Figure 9: Courtesy of David Sierpina, MD.
Genetic inheritance of retinal pattern dystrophies
Retinal pattern dystrophies are inherited in an autosomal dominant or autosomal recessive manner, depending on the genetic mutation involved. Mutations in several genes have been identified as causes of retinal pattern dystrophies, including RDS, PRPH2, PROM1, and IMPG1. Sometimes, the specific genetic mutation may have implications for prognosis and treatment.8
Management and treatment of retinal pattern dystrophies
Currently, there is no cure for retinal pattern dystrophy, and treatment is focused on managing symptoms and preventing or slowing the progression of vision loss. This may include low-vision aids, such as magnifiers or electronic devices, to help improve visual function.
Genetic counseling is also an important management component, as it can help affected individuals and their families understand the inheritance pattern and make informed decisions about family planning. Secondary complications such as choroidal neovascularization can be treated with anti-VEGF injections.
Long-term prognosis of retinal pattern dystrophies
The long-term prognosis of retinal pattern dystrophies can vary widely depending on the specific genetic mutation involved and the age of onset. In some cases, vision loss may be gradual and relatively stable over many years, while in other cases, it may progress rapidly and lead to severe visual impairment or blindness.
Early diagnosis and management, including genetic counseling and low-vision aids, can help improve long-term outcomes and quality of life for affected individuals and their families.

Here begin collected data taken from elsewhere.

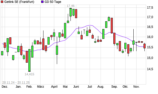 Mit dem Rücksetzer auf 15,32 EUR hat die Getlink-Aktie am 19.11.2025 die 50-Tage-Linie nach unten gekreuzt.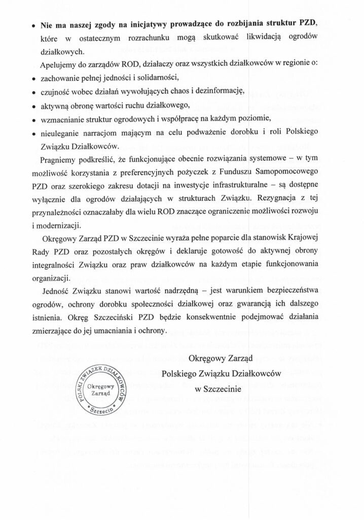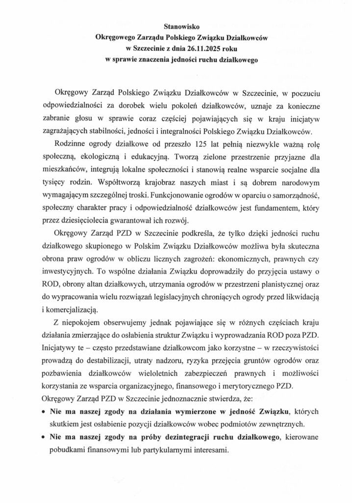 Stanowisko Okręgowego Zarzadu Polskiego Związku Działkowców w Szczecinie z dnia 26.11.2025 r.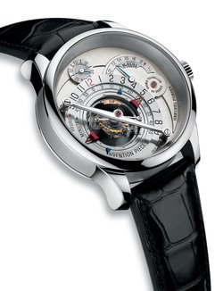 The Invention Piece 1 pays tribute to the Double Tourbillon 30°, the first Fundamental Invention by Robert Greubel & Stephen Forsey and the fruit of 4 years’ patient research. In a restructuring of volume and surface, the emblematic double cage is placed at the centre of an innovative display: two triangular indicators – red for the hours, blue for the minutes – show the passing of time on one half of two of the concentric rings on the movement. This sumptuous timepiece, a veritable sculpture on the wrist that comes in 3 unique series (5N red gold, white gold and platinum), has another surprise in store on the back: the story of the Invention engraved in relief on a gold plate.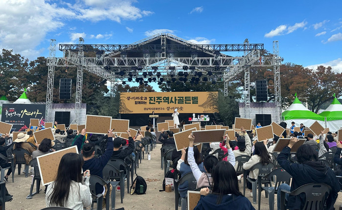 | ▲10월 19일 오후 2시 진주성 임진대첩 계사순의단 특설무대에서 ‘2024 진주역사 골든벨’ 행사가 개최된다.(2023 행사사진)사진=진주시 |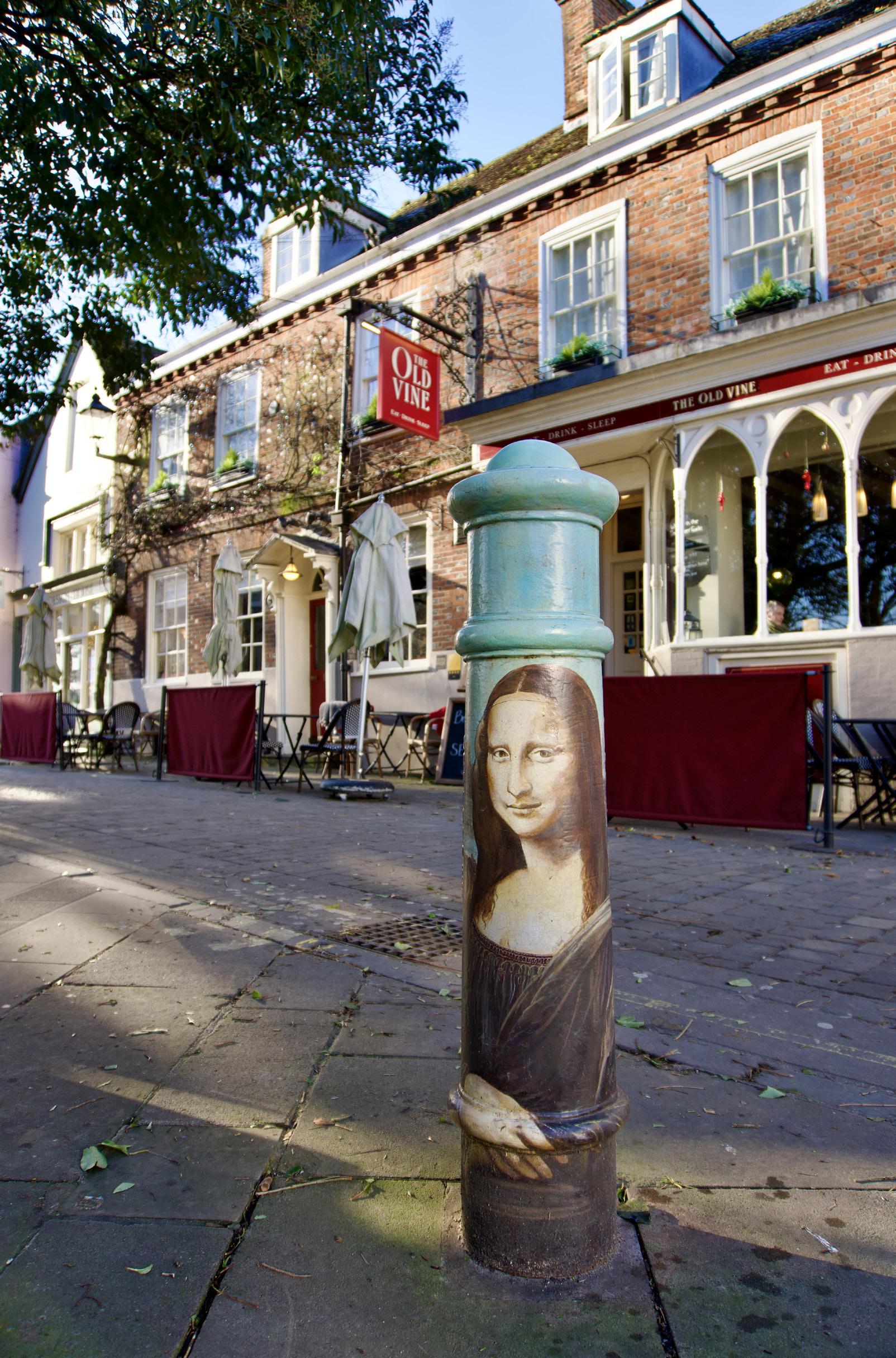 As you cross The Square, whether from the High Street towards the Cathedral or vice-versa, and look towards The Old Vine – her gaze keeps following you. Though she doesn’t move, her eyes track you wherever you stand, her mouth curled into a subtle smile – just as in the original.

The role of genetic testing in inherited macular dystrophies
These conditions are complex and can be difficult to diagnose, and genetic testing can provide critical information that can aid in accurate diagnosis and personalized treatment plans.
Genetic testing can help identify the specific genetic mutations causing a patient’s macular dystrophy. This information can provide insight into the underlying mechanisms of the disease and help guide treatment decisions. For example, certain genetic mutations may respond better to certain medications or therapies, and knowing a patient’s specific genetic mutation can help tailor their treatment plan accordingly.
In addition to aiding in diagnosis and treatment, genetic testing and databases can also play a critical role in the research and development of new treatments for macular dystrophies. Researchers can identify common genetic mutations and better understand the disease's underlying biology by compiling genetic data from many patients. This information can then be used to develop new treatments and therapies that target specific genetic mutations.
Using genetic testing to screen for inherited macular dystrophies
Furthermore, genetic testing and databases can also aid in the early detection and prevention of macular dystrophies. For individuals with a family history of macular dystrophy, genetic testing can identify whether they have inherited the genetic mutation that causes the disease. This information can be used to monitor their vision more closely and begin early interventions to prevent or slow disease progression.
It is important to note that genetic testing and databases must be used responsibly and with respect for patient privacy. Patients must give informed consent before undergoing genetic testing, and the testing results must be kept confidential and protected. However, with appropriate safeguards, the benefits of genetic testing and databases for diagnosing and treating macular dystrophies far outweigh the risks.